- Born: 6 March 1961 (age 65) San Luca, Reggio Calabria, Italy
- Other name: 'u capra
- Allegiance: 'Ndrangheta

= Giuseppe Giorgi =

Giuseppe Giorgi (/it/; born 6 March 1961) is an Italian criminal belonging to the 'Ndrangheta, a criminal organisation in Calabria. After having been a fugitive for 23 years and been included on the list of most wanted fugitives in Italy he was captured in his home town San Luca on 2 June 2017.

==Background==
He had been wanted for criminal association and arms and drug trafficking, extortion and murder.

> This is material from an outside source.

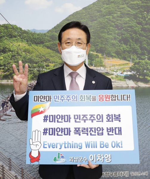 이 군수는 SNS를 통해 미얀마 군부의 무차별 살상 행위를 강력히 규탄하며 군부 쿠데타에 맞서 민주주의를 위해 투쟁하는 미얀마 국민들을 지지하고 응원한다고 밝혔다.

Also known as 'u capra ("the goat"), Giorgi belongs to the Pelle-Romeo-Vottari clan from San Luca and is the son-in-law of the boss Sebastiano Romeo. According to the pentito (informer) Francesco Fonti, he has been involved in the illegal disposal of toxic and radioactive waste, as well as the smuggling of niobium – a metal used in nuclear reactors. Ships loaded with hazardous waste were sunk with dynamite off the Italian coast.

==Capture and aftermath==
While on the run, Giorgi is believed to have resided in Germany. However, he was arrested in an underground bunker in his home town San Luca on 2 June 2017 after a five-hour police search. Residents of the town stirred outrage after they gathered outside the house of Giorgi to pay their respects as he was being arrested. After being a fugitive for nearly half of his life, Giorgi has to serve a 28-year and nine-month sentence for an international drug trafficking and other offenses.